The law also has some verbiage that makes some subjects more sensitive than others. Things like religion, sexual orientation, and politics are all sensitive subjects. If you’re going to store that sort of data about someone, you’d better have a VERY good reason and you’d better protect it like it could cost someone their life. Why? Because in some parts of the world that information COULD cost someone their life.

Data Protection Officers

Each website must have someone who is responsible for protecting people’s data. That person can’t be a secret. You have to make contacting them easy. In larger companies, it seems like there may be additional requirements, but it seems to me that for small one-person-run websites, the owner needs to take responsibility for this job the same as the owner of a one-person-business takes responsibility for all the other jobs. You can outsource this and hire someone to do it for you. However, that person needs to not have any conflicts of interest related to the job and they need to have the ability to do their job.

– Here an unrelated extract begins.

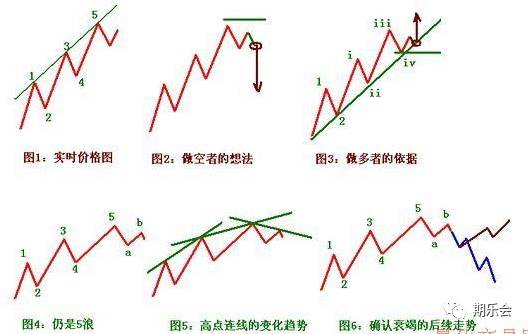 不过,请各位再看看图4与图1没有什么区别,但是我认为,这是两个绝缘不同的走势图。图1中1、3、5浪高点形成一条直线,说明上升通道保持良好,此时轻易否认这条通道的看法显得有些逆势而为。但图5中对图4的走势高点做了一个连线,各位可以看到,每一次将相邻高点连起来,就看到了一条更为平坦的趋势线,但这三条趋势线被看到之后,你应该想到,上升趋势正在慢慢的改变,前期多单应该慢慢考虑出局。可以像上图的图2一样选择做空。图6是对图5后续走势的一种预想图,如果后续向上,也是可以的,那么前期的上升5浪成为大一浪级别的上升第一浪,前期的回调三浪形成了大一浪级别的回调2浪。如果后续走出下降趋势,那么其c浪应该由5浪驱动形成,会有较大跌幅。

This means that if the data protection officer sees you doing something wrong, they need to be able to immediately stop you from doing it. If that means that you need to shut down your website, they need the authority to do it.

Unless I hear otherwise, I’m recommending that all of my small clients take on this role and take it very seriously. Back to: customer privacy has to be your number 1 priority!

I’m sounding like I’m stuck in a loop, but that’s the heart of this legislation.

Consent is Required

You can’t just check a pre-check a box and have people added to your mailing list. That box needs to be unchecked. People need to know what they’re signing up for and they need to check the box themselves.

Be Clear about What you Collect

This is actually the hard part. You have to look at your website and see what data you are collecting. Then you have to review your plugins and make sure that data isn’t being sent away. Use anti-spam technology? That data is being sent away. This doesn’t mean you can’t use anti-spam. It just means that you have to tell people that you are using it and let them know who you are sending what data to. You need to tell people where that data is going to be stored, for how long, and what the people getting that data are going to do about it.

This takes the form of an amazingly detailed Privacy Policy.

But wait — these aren’t just ANY privacy policies. These are special. These are new. These are easy and fun to read.

Seriously? These are legal documents. Legal documents aren’t fun to read. No one reads privacy policies. We just check the box and grimace.

Not any more. Under this law — this legalese riddled HUGE, unreadable law that no one is really 100% sure they fully understand — under this law, those privacy policies must be easy to understand. You will probably already have noticed that major companies are sending out updated privacy policies. Have you read any of them? If you are a website owner (or a human) you should read them. Take notes. Those companies have paid a lot of money to have those policies written for them. They’ve worked hard to meet this requirement. You should read the privacy policies. You’ll notice a difference between modern (GDPR) ones and what you’ve seen in the past.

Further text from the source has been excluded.